Israeli governments have an odd tradition. Whenever a new government is installed it decides to change the target budget deficit - and it's always upward.
And why is this an odd tradition? Just because a government changes doesn't mean the laws of economics also do - so why should the previous government's decisions be changed? The answer is simple - it is because politicians are always looking for an excuse to spend more and a change of government is as good a reason as any. So a "reconsideration" that always ends with an increased deficit.
Sometimes the government excuse is "an increase in the number of immigrants," and other times it's "necessary wage corrections. Sometimes, like this time, the excuse is "recession."
If it's possible to understand the interests of politicians who always want more money to prove they are "doing" something, it is difficult to understand what happened to the governor of the Bank of Israel who this week changed his mind and began backing an increase in the deficit.
According to the new David Klein, the planned deficit for 2002 is no longer a sacred number. He agrees to raise it from 1.5 to 2 percent of the GDP. The difference gives the government NIS 2.2 billion more to spend next year. The treasury applauded when they heard Klein's view, because if the bank governor - presumably the watchdog over government - agrees to increase the deficit by half a percent, why shouldn't the finance minister propose another half percent and raise the deficit to 2.5 percent. After all, once the framework is broken, 2 percent is good as is 2.5 percent - and the higher the better.
But the governor apparently didn't feel so comfortable with breaking the principle of credibility, so he said he was ready to increase the deficit on condition the government set it to decline over the next four years so that by 2005, it's only 1 percent. That's making a mockery of the situation.
The Israeli politician's maximum planning horizon is the next election and he's talking about four years? There's nothing easier than agreeing today to such a commitment and then breaking it when the next government is elected or when the current one finds the right excuse.
So, Klein offers another restraint. A distinction between the operational budget and the development budget will guarantee that all the additional expenditure is for infrastructure only, projects that nobody disputes, like roads, trains, water and sewage.
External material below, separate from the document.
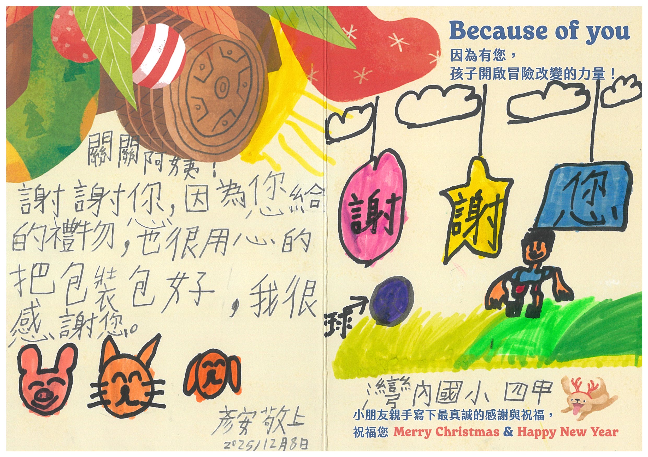 關小姐 您好:我們已在12/6(六)已將禮物發送到孩子的手上嚕!在發送禮物前, 我們特別為孩子設計〈品格營〉及〈反思課程〉, 最後進行〈冒險小勇者聖誕挑戰賽〉,希望能讓孩子們從心裡面長出勇氣與自信。 特地將小朋友寫給您的感謝卡片掃描成圖檔,記錄這美好的時刻。

But the governor doesn't take account of the nature of the crafty politicians he's dealing with. They'll easily accept the definition "infrastructure," but will expand it to a whole new meaning. Everything will become infrastructure - teachers' salaries are educational infrastructure, synagogues cultural. Marketing and research grants will be industrial infrastructure, and increasing the departments in hospitals will be medical infrastructure. Improving conditions for career soldiers will be security infrastructure, and building weekend cottages in the Galilee will be tourism infrastructure. Strengthening the settlements will of course be Zionist infrastructure.
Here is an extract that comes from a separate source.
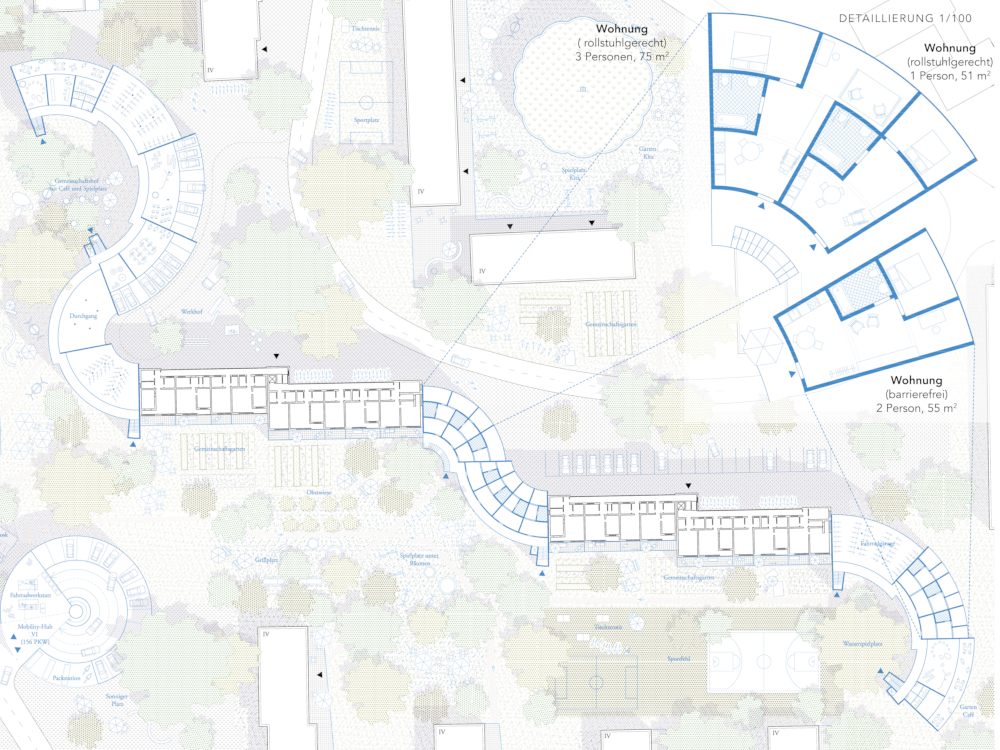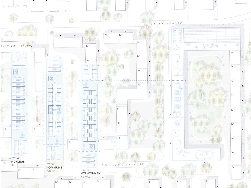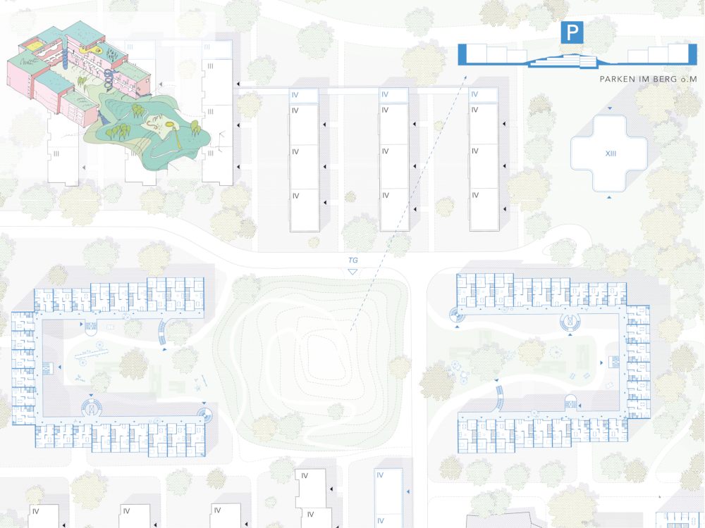Die grüne Prägung bleibt: Unterschiedliche Freiraumpotenziale werden aufgegriffen, gestärkt, mit den Nachbarschaften verzahnt und zu einem zusammenhängenden Raum – dem Grünen Loop – verbunden. Er ist voller Programm und stellt eine neue Hierarchie innerhalb des Stadtteils her, alle 19 Cluster liegen daran. Ein Fahrradweg verbindet alle öffentlichen Freiraumnutzungen miteinander.

As soon as ministers realize they can enlarge the deficit, nobody will be able to ask them to annul the law giving NIS 500 million to families with more than five children or the tax abatements to the south, at the tune of NIS 650 million a year. It will also be much harder to demand that they cut their ministry budgets since there's a new-old trick to make money - increase the deficit.
So it's important to remind everyone of some basic truths of Israeli economics. The national debt is too big, the government's weight in the economy is too heavy, and taxes are too high. Increasing the deficit is a fundamental mistake. Those tempted to do so anyway may get some short term artificial growth, but it won't be healthy and won't last long. Indeed, it will end badly.
Increased government spending brings all the dangerous side effects - rising interest rates, rising domestic debt, declining international credit rating for Israel, rejection by foreign investors who don't like governments that change the rules for its convenience, increased trade deficit, instability, inflation, uncontrolled devaluation, and the permanent fear of financial crisis.
It's still possible to avoid all those evils by sticking to the original plan - back to the responsible path of a 1.5 percent budget deficit for 2002.